=== Section Start ===

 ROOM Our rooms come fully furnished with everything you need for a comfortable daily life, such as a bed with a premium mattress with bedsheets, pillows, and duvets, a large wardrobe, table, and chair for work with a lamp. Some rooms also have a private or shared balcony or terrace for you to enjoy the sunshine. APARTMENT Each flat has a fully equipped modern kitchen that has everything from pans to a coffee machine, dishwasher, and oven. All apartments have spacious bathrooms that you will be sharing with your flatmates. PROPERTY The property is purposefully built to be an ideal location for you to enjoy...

=== Section End ===
=== Section Start ===

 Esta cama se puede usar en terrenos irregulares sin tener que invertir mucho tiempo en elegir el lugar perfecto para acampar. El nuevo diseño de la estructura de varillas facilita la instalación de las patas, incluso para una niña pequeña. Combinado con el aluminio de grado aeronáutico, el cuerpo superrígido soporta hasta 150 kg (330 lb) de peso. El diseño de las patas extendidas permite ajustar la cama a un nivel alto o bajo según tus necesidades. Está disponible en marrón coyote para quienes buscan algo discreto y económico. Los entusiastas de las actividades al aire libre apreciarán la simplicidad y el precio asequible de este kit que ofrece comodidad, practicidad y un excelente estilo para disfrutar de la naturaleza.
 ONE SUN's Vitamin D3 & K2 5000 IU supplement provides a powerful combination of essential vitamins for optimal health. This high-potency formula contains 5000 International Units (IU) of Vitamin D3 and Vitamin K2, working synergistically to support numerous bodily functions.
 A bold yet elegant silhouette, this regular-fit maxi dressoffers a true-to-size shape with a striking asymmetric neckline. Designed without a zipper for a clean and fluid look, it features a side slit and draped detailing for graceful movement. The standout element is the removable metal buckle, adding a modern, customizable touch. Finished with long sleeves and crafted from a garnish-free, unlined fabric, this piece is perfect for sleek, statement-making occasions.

=== Section End ===

Begin at the line above that has "ONE SUN's Vitamin" and stop after the line that has "A bold yet elegant", copying each line exactly and adding nothing else.

 ONE SUN's Vitamin D3 & K2 5000 IU supplement provides a powerful combination of essential vitamins for optimal health. This high-potency formula contains 5000 International Units (IU) of Vitamin D3 and Vitamin K2, working synergistically to support numerous bodily functions.
 A bold yet elegant silhouette, this regular-fit maxi dressoffers a true-to-size shape with a striking asymmetric neckline. Designed without a zipper for a clean and fluid look, it features a side slit and draped detailing for graceful movement. The standout element is the removable metal buckle, adding a modern, customizable touch. Finished with long sleeves and crafted from a garnish-free, unlined fabric, this piece is perfect for sleek, statement-making occasions.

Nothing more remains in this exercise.